What is Efflorescence and How to Avoid it?


Today I am requesting your assistance regarding the best methods to prevent efflorescence in natural stone tile installations. I have recently begun working as an agent for a distributor that sells a limestone that goes by a few different names; Haisa Light, Rockwood and Timber Beige to name few. As I was showing this stone to a client she described a few installation problems she had with efflorescence migrating through this stone. While she didn’t go into great detail about the installation site conditions and the setting material used she did mention that the remedy she was told to use to prevent this in future jobs was to seal the back of the stone before installing. I had heard this remedy once before when another client told me about a similar problem he had with a Chinese basalt tile. In both client’s problems the specified tile size was 12”x24”. Right now my new supplier only stocks this product in 3”x6” tile and several mosaic patterns. I’ve done a little research about efflorescence and so far haven’t found anyone recommending sealing the backs of tile as possible cure for this issue. I am also concerned that too often people lump all sealers into the same category and the result may be someone using the wrong sealer and ending up causing additional installation problems. So now I am reaching out to you to see if you can provide your insights into both efflorescence migration causes and cures, and your opinion of sealing the back of tile as a preventative measure. Can you point me to any articles that discuss this in depth?

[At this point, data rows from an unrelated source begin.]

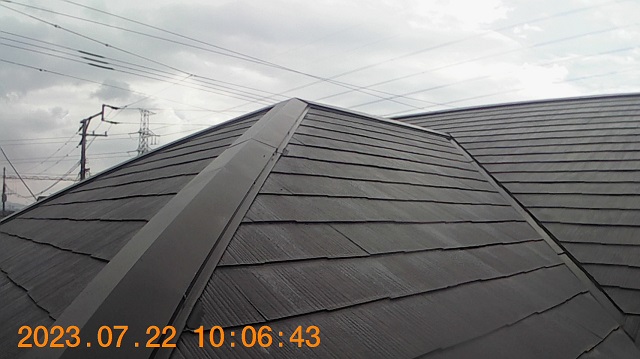 屋根は雨や紫外線からお住まいを守ってくれるので一番劣化が早い部位ですが、6年経過しても剥がれ、色褪せもなく塗装したての状態を維持していました!棟鉄板の浮きや捲れも見当たらなかったのでご安心ください!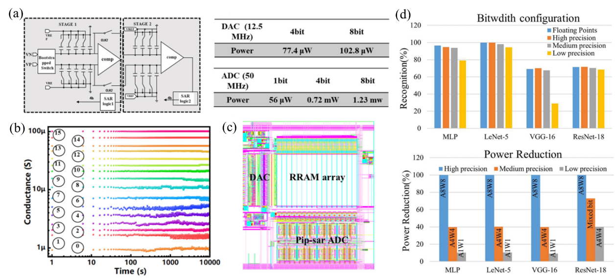 传统冯・诺依曼架构由于“功耗墙”与“存储墙”不适合边缘AI应用,存内计算(CIM)成为新选择,基于忆阻器的神经网络加速器受到广泛关注。但基于非易失性存储器的 DNN 存内加速器面临架构、电路和器件层面的挑战。采用岛式脉动阵列架构,以 PE 为基本单元灵活扩展,减少数据传输和延迟。设计 1/4/8 位流水线逐次逼近寄存器(PIP-SAR) ADC,根据神经网络层的位宽量化调整精度,降低功耗。利用脉动阵列计算时序,融合多个低精度忆阻器件存储 8 位权重,减少器件电导随机性非理想因素对精度的影响。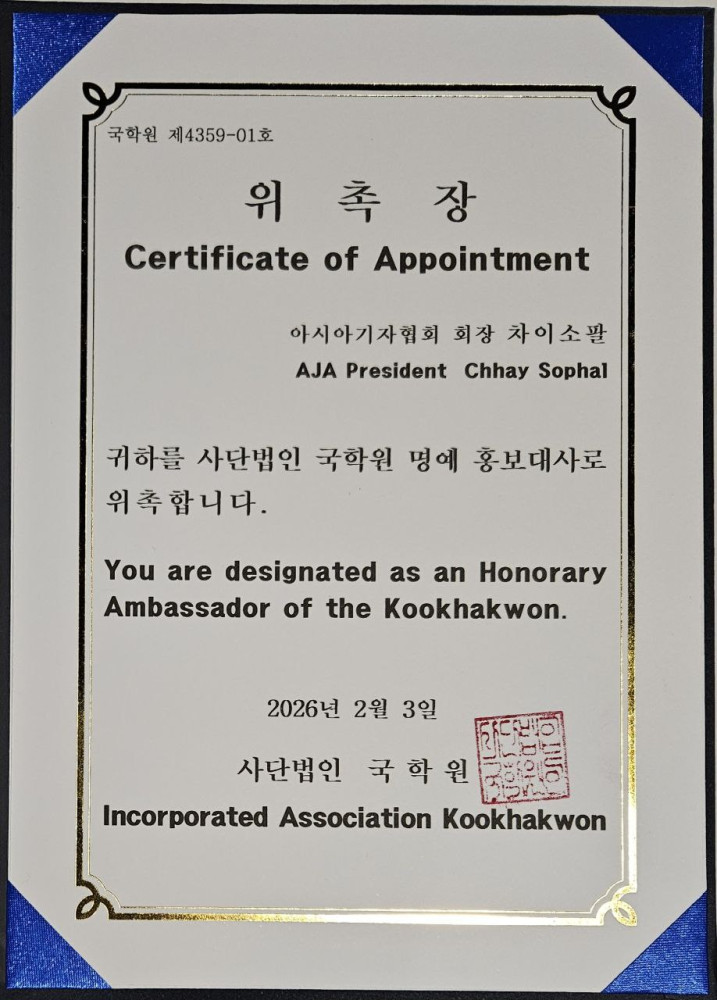 H.E. Dr. Chhay Sophal also serves as the President of the Seoul-based Asian Journalists Association (AJA), which represents media professionals from nearly 30 countries across Asia and the Middle East.

ANSWERExcessive efflorescence staining (generally a whitish substance) on stone, tiles,  grout, or adjacent surfaces is a generally a symptom of an excessive moisture problem.  That means the stone installation was not properly designed or installed correctly such that it is allowing the stone to be subjected to excessive moisture.  Although in some cases a stone can get some efflorescence from surface water migrating into and evaporating form the stone, which might be unavoidable and not a problem.

The efflorescence precipitates from the moisture that travels through the soil, substrates, mortars and stone picking up minerals/salts that dissolve into the moisture.   As the moisture evaporates at the surface of the tile and grout the minerals crystalize leaving the efflorescence precipitate. This precipitation can cause spalling in all types of stone.

Some stones have a greater propensity to be damaged by the efflorescence or the wet dry cycles than others.  Generally speaking the more porous tiles with higher absorption rates are more prone to efflorescence and those related damages.   Regarding limestone, the ASTM C568 standard for limestone is broken down to low density, medium density and high density limestone, where each respective category has different absorption rate and propensity to damage.    There is a test called the Salt Crystallization test that can test a stone to see if it has a higher or lower propensity to damage from moisture and mineral migration and evaporation.

That being said, tile and stone sealers are normally bond breakers and should not be applied to the back of the stones.   I have read some claims that certain sealers can be used on the back of stones and that they improve the bonding of the tile, but I am suspicious of those claims.  On the other hand, we have applied liquid applied waterproof membranes that meet ANSI A118.10 on the back of stones to damp proof them.  We have tested some and they perform well.

Although keep in mind that damp proofing the back of the stone will not solve an improper installation of the stone.   For exterior applications the tile must be installed correctly over a concrete substrate with a vapor retarder under it that runs up the sides of the concrete.  There should be proper deck drains and French drains as necessary.  The tile should have a waterproof membrane under it with an adequate slope to drain.

There is an article I wrote that covers some of this at: Specifying Tiles for Exterior and Interior Wet Areas 

2 thoughts on “What is Efflorescence and How to Avoid it?

  1. Tom says:

    This June I installed 12″ x 24″ porcelain tiles on a deck that went 2 flights up w/ 2 landings.
    A subcontractor installed an elastomeric waterproof membrane over the existing concrete steps. We tiled each riser and tread with these steps; Reinforced with wire floating over the waterproof membrane we skimmed a coat of laticrete 253 thinset over the waterproof membrane riser and tread, floated a mortar bed to achieve rise and run finish dimensions then installed the porcelain tile with the same thinset. It is now December and after the recent rains there are two areas where effloresence has been noticed. It is below the area where the siding meets the tile. One area is redish brown and the other is white. Both are a chrystalized material. They are separate flights of stairs. It seems really soon that this should be happening. Is this a result of the effloresence you mentioned above?

    • Donato Pompo says:

      If it is a crystallized material then it is efflorescence, which is mineral migration. If I understand you correctly, moisture is getting behind the siding and migrating through the cementitious materials where it picks up minerals (a form of salt). As the moisture migrates and evaporates out of the transition of the siding and the tile it precipitates the mineral that results in the crystallized staining.

      It isn’t a matter of how long it has been installed, but rather a matter of how is the moisture getting in.

      The solution is to determine where the moisture is getting in and stopping it. If in fact you waterproofed the stair treads and risers so there is a continuous waterproofing layer preventing moisture to pass through, then look at the transitions of where the tile transitions into the siding to stop the moisture migration.